# What now!



## Gazeebo (Jan 23, 2015)

So the OH is in Javea at the moment looking for property to rent. He got sunburnt driving from the airport to Javea - if you see a man walking around with the side of his face and arm bright red - that's him!

Now, he tells me that the Spanish government is thinking about forcing people who have bought a property and have owned it for 3 years in Spain, to give up their passports and take a Spanish one. Really???

Can anyone explain this to me - am I missing something?


----------



## Lynn R (Feb 21, 2014)

Gazeebo said:


> So the OH is in Javea at the moment looking for property to rent. He got sunburnt driving from the airport to Javea - if you see a man walking around with the side of his face and arm bright red - that's him!
> 
> Now, he tells me that the Spanish government is thinking about forcing people who have bought a property and have owned it for 3 years in Spain, to give up their passports and take a Spanish one. Really???
> 
> Can anyone explain this to me - am I missing something?


I read the Spanish press every day and have not seen anything even remotely like what is being suggested. Sounds like a complete urban myth to me.


----------



## Chopera (Apr 22, 2013)

Gazeebo said:


> So the OH is in Javea at the moment looking for property to rent. He got sunburnt driving from the airport to Javea - if you see a man walking around with the side of his face and arm bright red - that's him!
> 
> *Now, he tells me that the Spanish government is thinking about forcing people who have bought a property and have owned it for 3 years in Spain, to give up their passports and take a Spanish one. Really???
> *
> Can anyone explain this to me - am I missing something?
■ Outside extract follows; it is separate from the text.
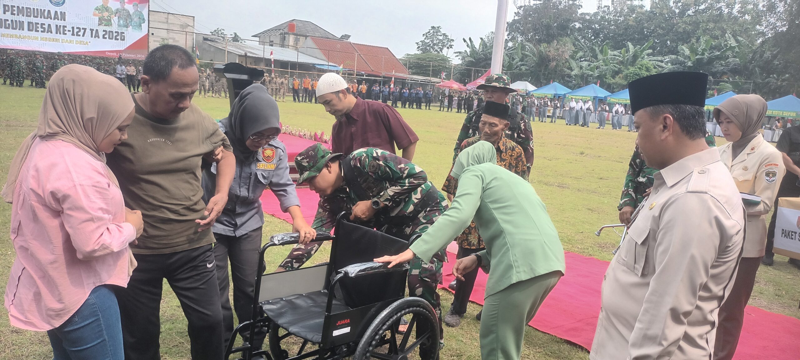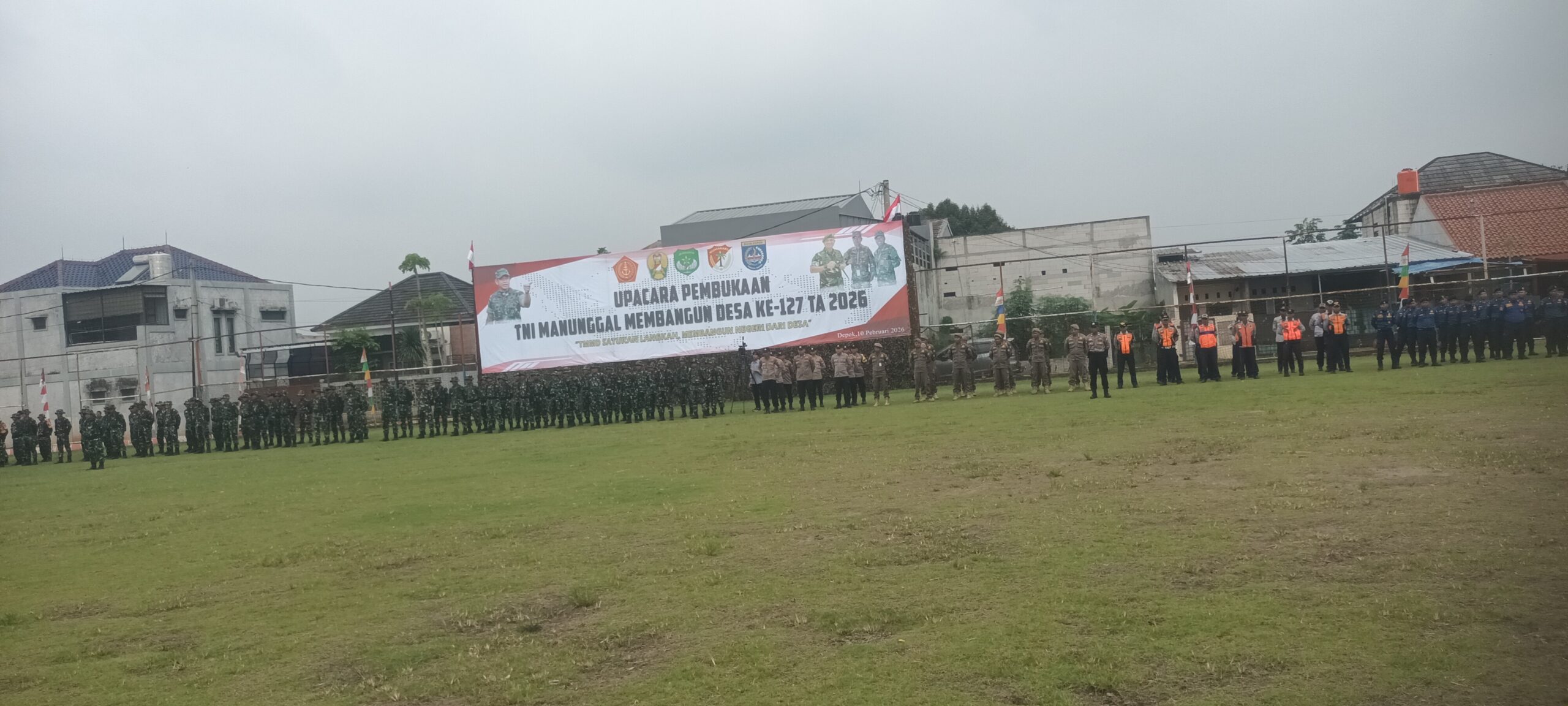 Depok, Sebagai bentuk dukungan terhadap KBT (Keluarga Besar TNI) DPC HIPAKAD Kota Depok mengikuti upacara TNI Manunggal Membangun Desa (TMMD) ke-127 di Lapangan Gelora, Kampung Bojong Lio, Kecamatan Sukmajaya, Selasa (10/2/2026).Bertindak sebagai inspektur upacara Wali Kota Depok Supian Suri.

He definitely has been in the sun too long if he believes that


----------



## Justina (Jan 25, 2013)

*Passport*



Gazeebo said:


> So the OH is in Javea at the moment looking for property to rent. He got sunburnt driving from the airport to Javea - if you see a man walking around with the side of his face and arm bright red - that's him!
> 
> Now, he tells me that the Spanish government is thinking about forcing people who have bought a property and have owned it for 3 years in Spain, to give up their passports and take a Spanish one. Really???
> 
> Can anyone explain this to me - am I missing something?
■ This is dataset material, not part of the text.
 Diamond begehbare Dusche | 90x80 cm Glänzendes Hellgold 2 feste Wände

Apart from nonsense, I'm sure, British people are allowed dual nationality as several other nations.


----------



## snikpoh (Nov 19, 2007)

Justina said:


> Apart from nonsense, I'm sure, British people are allowed dual nationality as several other nations.


Que? Spain doesn't recognize dual nationality - does it?


----------



## Justina (Jan 25, 2013)

*Dual nationality*



snikpoh said:


> Que? Spain doesn't recognize dual nationality - does it?
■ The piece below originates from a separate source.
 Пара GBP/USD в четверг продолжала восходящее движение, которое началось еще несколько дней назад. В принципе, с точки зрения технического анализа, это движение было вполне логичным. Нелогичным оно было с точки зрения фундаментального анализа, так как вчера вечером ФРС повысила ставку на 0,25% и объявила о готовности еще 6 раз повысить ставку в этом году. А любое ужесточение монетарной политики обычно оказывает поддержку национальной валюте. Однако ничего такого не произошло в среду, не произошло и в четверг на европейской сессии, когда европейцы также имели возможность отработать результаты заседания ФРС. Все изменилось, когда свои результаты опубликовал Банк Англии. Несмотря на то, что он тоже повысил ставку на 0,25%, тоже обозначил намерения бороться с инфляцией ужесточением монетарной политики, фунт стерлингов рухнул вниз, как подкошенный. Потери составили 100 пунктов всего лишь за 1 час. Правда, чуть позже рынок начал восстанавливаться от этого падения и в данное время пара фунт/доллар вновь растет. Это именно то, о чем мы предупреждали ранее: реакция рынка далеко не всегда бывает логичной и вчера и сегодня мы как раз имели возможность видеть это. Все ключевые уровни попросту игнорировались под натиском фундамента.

No, but the UK does, which would be the important one for Brits.


----------



## baldilocks (Mar 7, 2010)

It sounds as though he has been reading one of the expat free papers which are notorious for starting stories like that to increase circulation with the object of increasing advertising revenue.


----------



## Chopera (Apr 22, 2013)

Justina said:


> No, but the UK does, which would be the important one for Brits.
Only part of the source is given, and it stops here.